◆ **Work instructions**
Since only the text is wanted, print every entry below exactly and omit the images.
☆ ☆ ☆ ☆
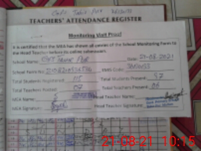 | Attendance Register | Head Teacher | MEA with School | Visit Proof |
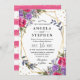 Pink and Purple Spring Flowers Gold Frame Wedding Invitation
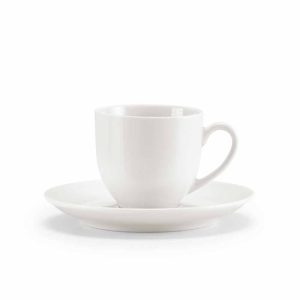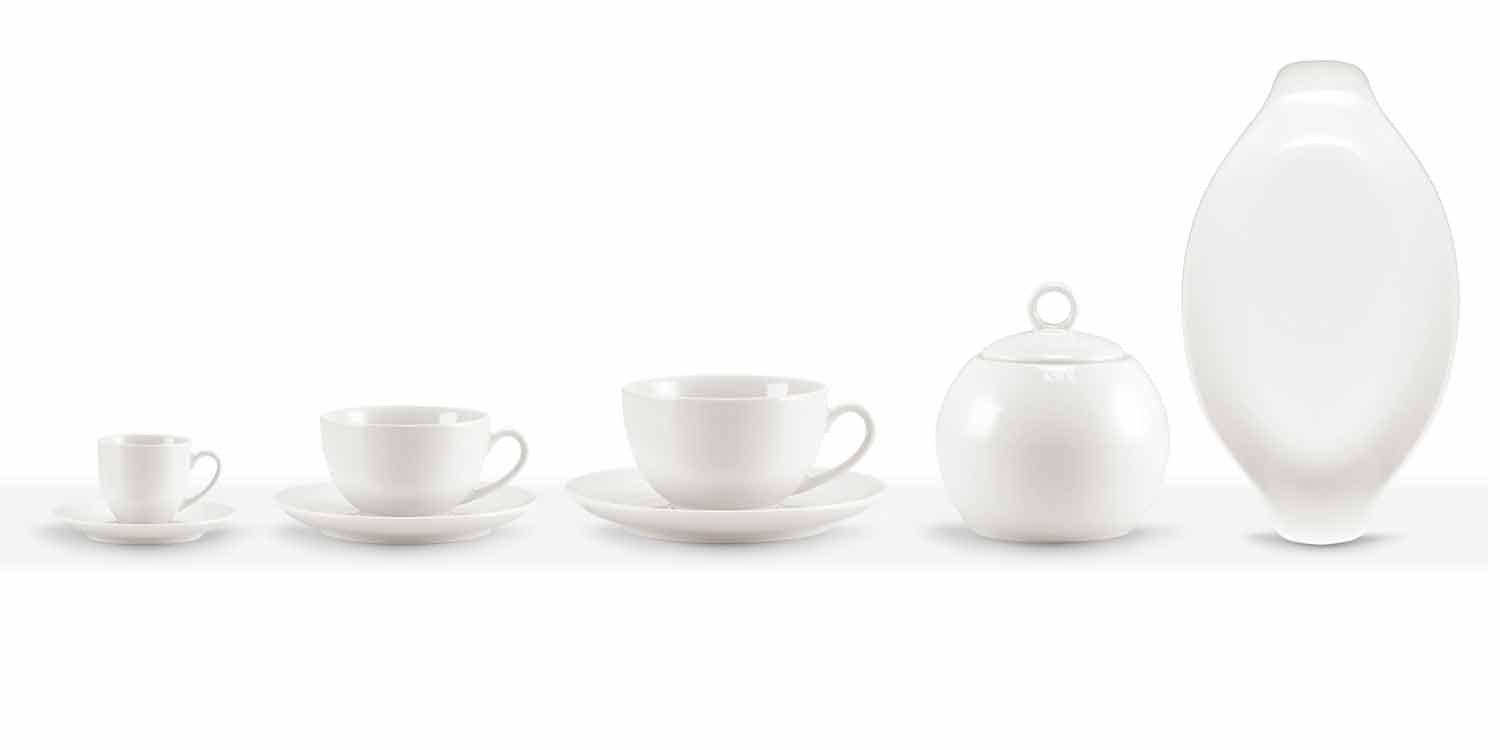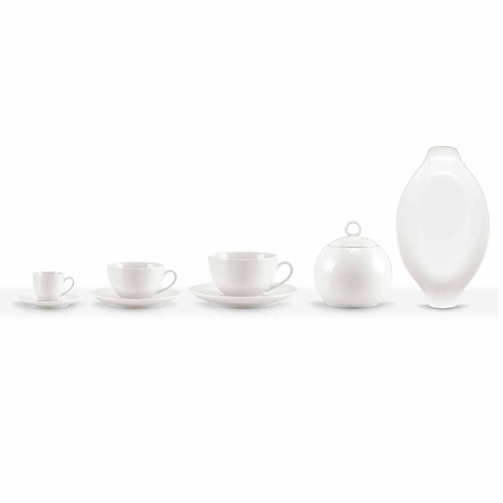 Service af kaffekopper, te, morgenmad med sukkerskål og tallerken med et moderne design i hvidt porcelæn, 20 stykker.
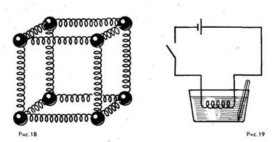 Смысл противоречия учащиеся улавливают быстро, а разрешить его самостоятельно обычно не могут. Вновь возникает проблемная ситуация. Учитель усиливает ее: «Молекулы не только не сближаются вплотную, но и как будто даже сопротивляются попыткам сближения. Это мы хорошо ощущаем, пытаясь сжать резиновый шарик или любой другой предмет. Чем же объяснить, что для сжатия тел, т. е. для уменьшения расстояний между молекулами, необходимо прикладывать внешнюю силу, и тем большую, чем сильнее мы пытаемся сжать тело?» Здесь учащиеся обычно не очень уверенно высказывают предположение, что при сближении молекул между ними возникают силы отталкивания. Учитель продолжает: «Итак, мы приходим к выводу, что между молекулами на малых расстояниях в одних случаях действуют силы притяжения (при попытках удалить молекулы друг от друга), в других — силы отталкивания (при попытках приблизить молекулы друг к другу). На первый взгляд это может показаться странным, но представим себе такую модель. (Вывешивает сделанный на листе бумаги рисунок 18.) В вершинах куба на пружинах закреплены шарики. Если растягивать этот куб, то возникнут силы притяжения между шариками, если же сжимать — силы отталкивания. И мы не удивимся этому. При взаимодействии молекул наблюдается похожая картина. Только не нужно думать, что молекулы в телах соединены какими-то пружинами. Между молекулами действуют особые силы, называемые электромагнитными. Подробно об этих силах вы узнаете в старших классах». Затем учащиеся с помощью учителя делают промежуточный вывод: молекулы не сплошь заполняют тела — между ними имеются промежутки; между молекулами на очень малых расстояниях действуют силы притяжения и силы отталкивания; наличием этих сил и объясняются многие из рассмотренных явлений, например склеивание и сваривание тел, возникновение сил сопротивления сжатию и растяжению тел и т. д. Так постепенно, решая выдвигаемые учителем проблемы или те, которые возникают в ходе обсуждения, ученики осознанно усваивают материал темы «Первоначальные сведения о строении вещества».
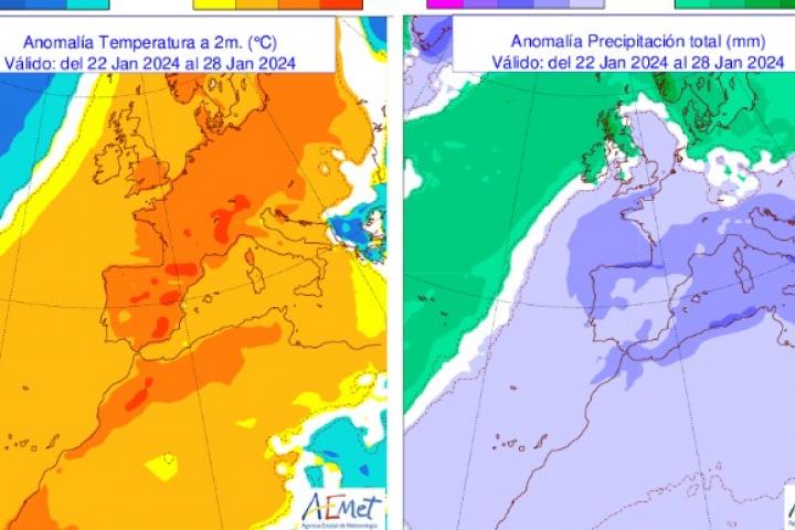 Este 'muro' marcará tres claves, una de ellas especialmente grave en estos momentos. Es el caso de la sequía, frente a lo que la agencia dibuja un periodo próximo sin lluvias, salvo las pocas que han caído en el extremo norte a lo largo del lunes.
☆ ☆ ☆ ☆
◆ **Task response**
 | Attendance Register | Head Teacher | MEA with School | Visit Proof |
 Pink and Purple Spring Flowers Gold Frame Wedding Invitation
 Service af kaffekopper, te, morgenmad med sukkerskål og tallerken med et moderne design i hvidt porcelæn, 20 stykker.
 Смысл противоречия учащиеся улавливают быстро, а разрешить его самостоятельно обычно не могут. Вновь возникает проблемная ситуация. Учитель усиливает ее: «Молекулы не только не сближаются вплотную, но и как будто даже сопротивляются попыткам сближения. Это мы хорошо ощущаем, пытаясь сжать резиновый шарик или любой другой предмет. Чем же объяснить, что для сжатия тел, т. е. для уменьшения расстояний между молекулами, необходимо прикладывать внешнюю силу, и тем большую, чем сильнее мы пытаемся сжать тело?» Здесь учащиеся обычно не очень уверенно высказывают предположение, что при сближении молекул между ними возникают силы отталкивания. Учитель продолжает: «Итак, мы приходим к выводу, что между молекулами на малых расстояниях в одних случаях действуют силы притяжения (при попытках удалить молекулы друг от друга), в других — силы отталкивания (при попытках приблизить молекулы друг к другу). На первый взгляд это может показаться странным, но представим себе такую модель. (Вывешивает сделанный на листе бумаги рисунок 18.) В вершинах куба на пружинах закреплены шарики. Если растягивать этот куб, то возникнут силы притяжения между шариками, если же сжимать — силы отталкивания. И мы не удивимся этому. При взаимодействии молекул наблюдается похожая картина. Только не нужно думать, что молекулы в телах соединены какими-то пружинами. Между молекулами действуют особые силы, называемые электромагнитными. Подробно об этих силах вы узнаете в старших классах». Затем учащиеся с помощью учителя делают промежуточный вывод: молекулы не сплошь заполняют тела — между ними имеются промежутки; между молекулами на очень малых расстояниях действуют силы притяжения и силы отталкивания; наличием этих сил и объясняются многие из рассмотренных явлений, например склеивание и сваривание тел, возникновение сил сопротивления сжатию и растяжению тел и т. д. Так постепенно, решая выдвигаемые учителем проблемы или те, которые возникают в ходе обсуждения, ученики осознанно усваивают материал темы «Первоначальные сведения о строении вещества».
 Este 'muro' marcará tres claves, una de ellas especialmente grave en estos momentos. Es el caso de la sequía, frente a lo que la agencia dibuja un periodo próximo sin lluvias, salvo las pocas que han caído en el extremo norte a lo largo del lunes.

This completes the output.